The results obtained in cytotoxicity assays were consistent with those obtained for NKL cells. Thus, MHC-I engagement could inhibit the cytotoxicity triggered by CD16 depending on the concentration of CD16 mAb assayed (Fig. 2B panel b-c and 2C). In agreement with results obtained with NKL, MHC-I could only slightly counteract (13.2±6.9% inhibition at E/T ratio of 5∶1) the effect of NKG2D-activating receptor (Fig. 2B panel d and 2C), whereas NKG2A effectively inhibited the specific P815 killing mediated by this activating receptor (66.3±24%). Furthermore, P815 lysis induced by NKp46 was highly decreased by co-ligation with MHC-I (69.9±16.2%), (Fig. 2B panel e, and 2C). Finally, 2B4 triggered cytotoxic activity was almost completely neutralized by NKG2A (88.9±8.9%), and anti-MHC-I was also able to notably decrease the killing effect (76.7±10.3%), (Fig. 2B panel f and 2C). These results demonstrate and confirm that, contrarily to classic MHC-I recognizing inhibitory receptors, the inhibition of cytotoxicity after the engagement of MHC-I molecules on activated human NK cells is a selective phenomenon that depends on the specific activating receptor triggered.

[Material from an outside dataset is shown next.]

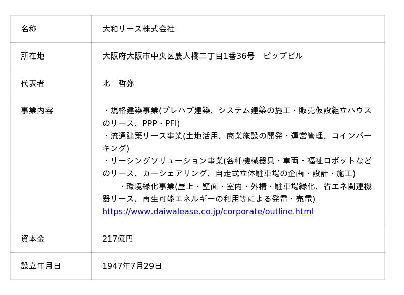 同じくビジネス・ソリューション本部に属する大和リースは、設計・施工の全プロセスをシステム化したシステム建築事業を中心に、土地活用の提案や商業施設の開発・運営、駐車場建設や自動車・農業・福祉分野のリース事業など幅広い事業を展開しています。
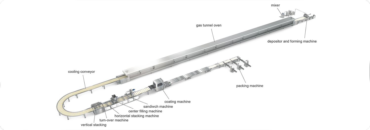 A standard choco pie production line consists of a slurry mixer, paper feeder, depositing and forming machine, tunnel oven, cooling conveyor, paper recycling unit, stacking machines, cake turnover machine, sandwiching machine for cream filling, and cooling equipment. For extended product varieties, a chocolate coating machine can be added to produce coated chocolate pies.

To further study the inhibitory ability of MHC-I molecules on the activity triggered by ITAM-bearing activating receptors, we studied P815 redirected lysis by activated T cells from five donors, after co-ligation of MHC-I with CD3/TcR molecules (Fig 2D). Ab isotype and anti-CD33 mAb were used as negative control of inhibition since we found that mAb anti-CD33 is able to inhibit the cytotoxicity triggered by DAP10-coupled NKG2D, but not by receptors transducing through ITAM-bearing adaptors (manuscript submitted). As shown in primary NK cells, MHC-I engagement strongly reduced the CD3 triggered cytotoxicity (76.52±11.86 at E/T ratio of 5∶1) compared with the anti-CD33 mAb (WM53) (15.37±14.07) and the isotype control (0.28±0.46) at the same ratio. These results indicated that MHC-I molecules play an inhibitory role on ITAM-dependent cytotoxic activating signaling pathways.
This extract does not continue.